EQTEC PLC has confirmed significant copper and gold potential at its Green Rock Project in Western Australia’s Ashburton Basin, following a comprehensive review of historical exploration data.
The review identified high-grade surface mineralisation with historical grades reaching up to 46.7% copper and 5.31 g/t gold, associated with major structural features and dyke margins across the 31.5 km² exploration licence.
Multiple prospects have been flagged across the site, with geological interpretation pointing to several possible mineralisation styles — yet remarkably, no modern drilling has ever been carried out.

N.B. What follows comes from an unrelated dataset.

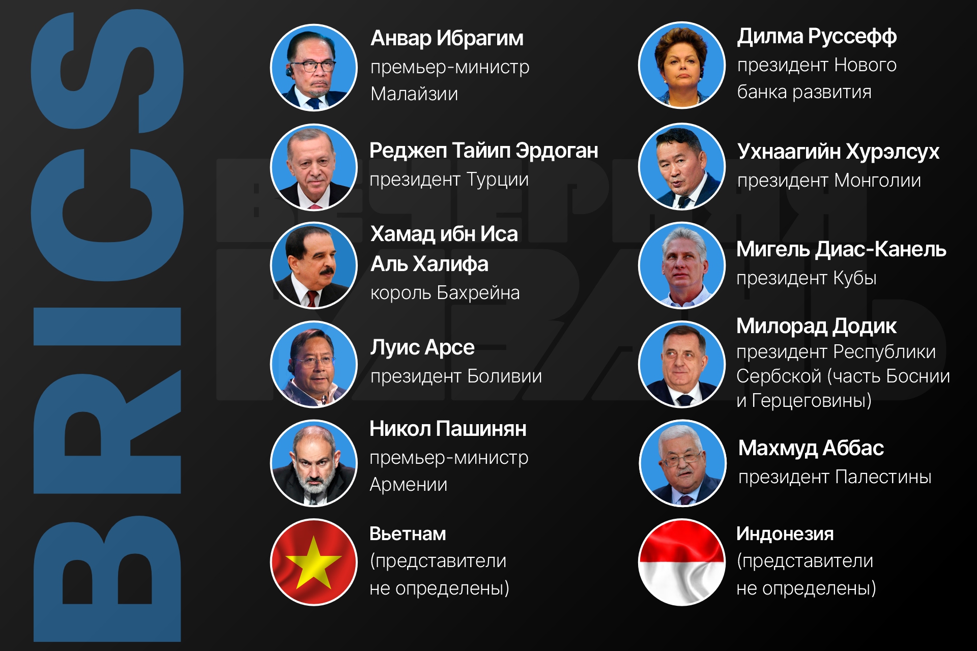 Всё больше стран заявляют о заинтересованности в БРИКС. Приглашены минимум 36 лидеров государств, более 30 из которых подтвердили свое участие.

The project sits roughly 160 km west of Paraburdoo and 35 km southwest of the Paulsens Gold Mine, placing it within a proven mineral district with established infrastructure access.
“Our detailed review of the historic data has reinforced both the quality of historic work, and the high tenor of copper and gold mineralisation observed to date. We are also delighted the mineralisation appears to be structurally controlled and both the copper and gold anomalies are overlapping spatially,” said James Parsons, CEO of EQTEC.
EQTEC’s geological consultants are expected to mobilise to site in the coming weeks, once the summer wet season ends, for what will be the first systematic modern exploration programme at Green Rock.
Fieldwork will focus on validating outcropping mineralisation on the ground, assessing geophysical techniques suited to the malachite-hosted copper-gold systems present, and building broader structural models to explain how mineralisation is distributed across the licence area.
EQTEC had previously been a waste-to-energy specialist and has undertaken a major pivot to gold mining.